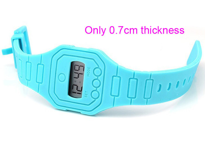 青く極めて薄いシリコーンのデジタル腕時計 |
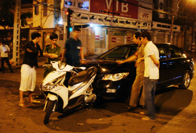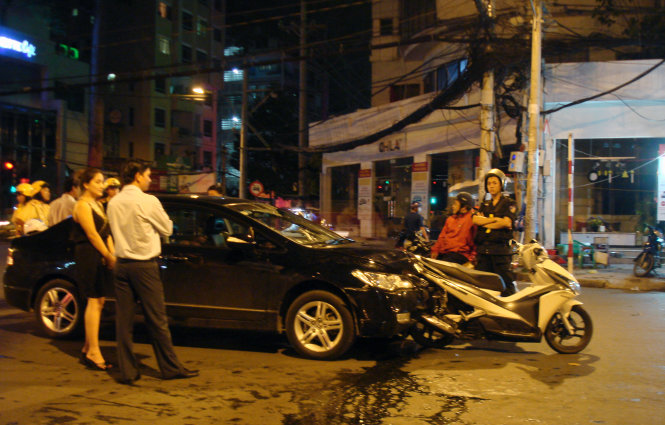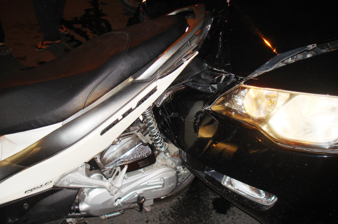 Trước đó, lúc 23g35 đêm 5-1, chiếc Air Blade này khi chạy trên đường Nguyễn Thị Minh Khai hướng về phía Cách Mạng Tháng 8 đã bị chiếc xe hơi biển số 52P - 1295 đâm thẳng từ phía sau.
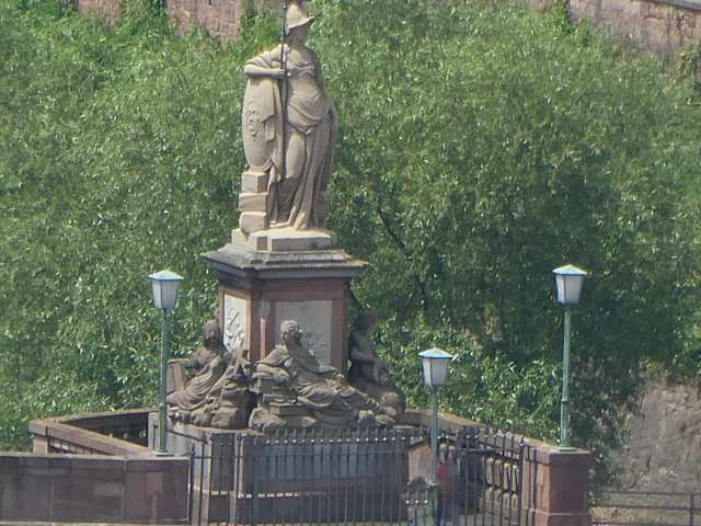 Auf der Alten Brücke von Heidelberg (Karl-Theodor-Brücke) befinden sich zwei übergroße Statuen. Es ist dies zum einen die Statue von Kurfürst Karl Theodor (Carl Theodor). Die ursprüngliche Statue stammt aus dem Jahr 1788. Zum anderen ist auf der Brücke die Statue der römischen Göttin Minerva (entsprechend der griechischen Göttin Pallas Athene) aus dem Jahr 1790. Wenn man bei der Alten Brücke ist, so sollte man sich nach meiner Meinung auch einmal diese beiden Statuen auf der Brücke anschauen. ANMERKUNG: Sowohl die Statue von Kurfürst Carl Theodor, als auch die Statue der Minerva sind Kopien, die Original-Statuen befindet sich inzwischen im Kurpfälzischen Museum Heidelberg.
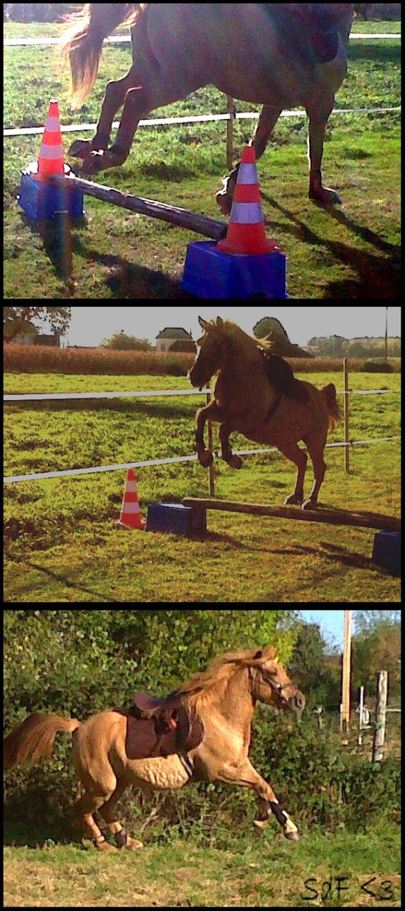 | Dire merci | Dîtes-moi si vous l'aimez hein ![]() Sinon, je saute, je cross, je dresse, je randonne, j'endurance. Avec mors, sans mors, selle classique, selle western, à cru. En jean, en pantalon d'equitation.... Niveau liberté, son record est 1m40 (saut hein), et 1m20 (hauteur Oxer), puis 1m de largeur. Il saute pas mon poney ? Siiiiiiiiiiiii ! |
-*-
__Exercise instructions__
Please return the full listing word for word, but without any pictures.

__Response for this exercise__
 青く極めて薄いシリコーンのデジタル腕時計 |
 Trước đó, lúc 23g35 đêm 5-1, chiếc Air Blade này khi chạy trên đường Nguyễn Thị Minh Khai hướng về phía Cách Mạng Tháng 8 đã bị chiếc xe hơi biển số 52P - 1295 đâm thẳng từ phía sau.
 Auf der Alten Brücke von Heidelberg (Karl-Theodor-Brücke) befinden sich zwei übergroße Statuen. Es ist dies zum einen die Statue von Kurfürst Karl Theodor (Carl Theodor). Die ursprüngliche Statue stammt aus dem Jahr 1788. Zum anderen ist auf der Brücke die Statue der römischen Göttin Minerva (entsprechend der griechischen Göttin Pallas Athene) aus dem Jahr 1790. Wenn man bei der Alten Brücke ist, so sollte man sich nach meiner Meinung auch einmal diese beiden Statuen auf der Brücke anschauen. ANMERKUNG: Sowohl die Statue von Kurfürst Carl Theodor, als auch die Statue der Minerva sind Kopien, die Original-Statuen befindet sich inzwischen im Kurpfälzischen Museum Heidelberg.
 | Dire merci | Dîtes-moi si vous l'aimez hein ![]() Sinon, je saute, je cross, je dresse, je randonne, j'endurance. Avec mors, sans mors, selle classique, selle western, à cru. En jean, en pantalon d'equitation.... Niveau liberté, son record est 1m40 (saut hein), et 1m20 (hauteur Oxer), puis 1m de largeur. Il saute pas mon poney ? Siiiiiiiiiiiii ! |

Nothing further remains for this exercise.